15.Mar - 10.May 2025
11 - 14.Nov 2021
The Gallery Julian Sander is pleased to announce a very special exhibition in honor of the passing of Gerd Sander.
In 1940 Gerd Sander was born into a country at war. In the following four years Gerd Sander would experience the gradual and then very sudden destruction of his home town Cologne together with his mother Gertrude. In 1944 Trude would move with the young Gerd Sander to Gummersbach where they would remain until the end of the war. During this time Gerd’s father Gunther was a soldier who was drafted into the German regular army as were all young men who were physically able to fight. At the end of the war Gunther found himself in an American POW camp from which he was released in August of 1945.
Gunther returned to his wife and son to help rebuild what was left of their lives in Cologne. In the fall of 1945 Gunther brought his only son Gerd to his parent’s house in the Westerwald.

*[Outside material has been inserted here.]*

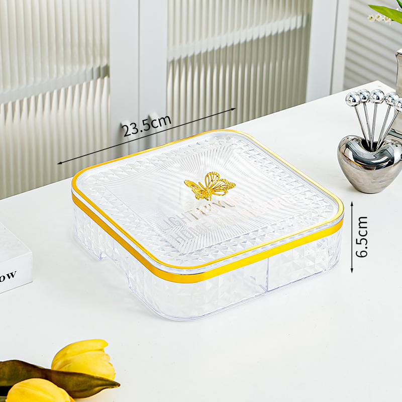 • 투명 사각 다이아몬드 + LH 골드 엣지 더블 레이어 나비 과일 접시

This is where Gerd would begin his journey of visual discovery. August Sander had managed to save a small portion of his work and his library from the bombings of Cologne. As Gerd could not read at age 5 he would spend time looking through the pictures in the books that August had salvaged. Among them was, of course, Antlitz der Zeit.
August, with his never-ending passion for his work, introduced Gerd to the camera, and the dark room. More importantly he took his grandson with him to photograph. This is where Gerd Sander had his first lessons in seeing and finally reading photographs, and all art for that matter. The curiosity that grew in him through the early engagement with August Sanders mind and eye has remained a primal part of Gerd Sanders activities throughout his career as a photographer, a gallerist, an archivist, a historian, a curator and most importantly as a collector.
The international museum world is indebted to Gerd Sander for his engagement and his lifelong dedication specifically to photography as an art form. Most importantly he built the collection of his grandfather’s work which would become the August Sander Archive which he founded in 1984 in New York City.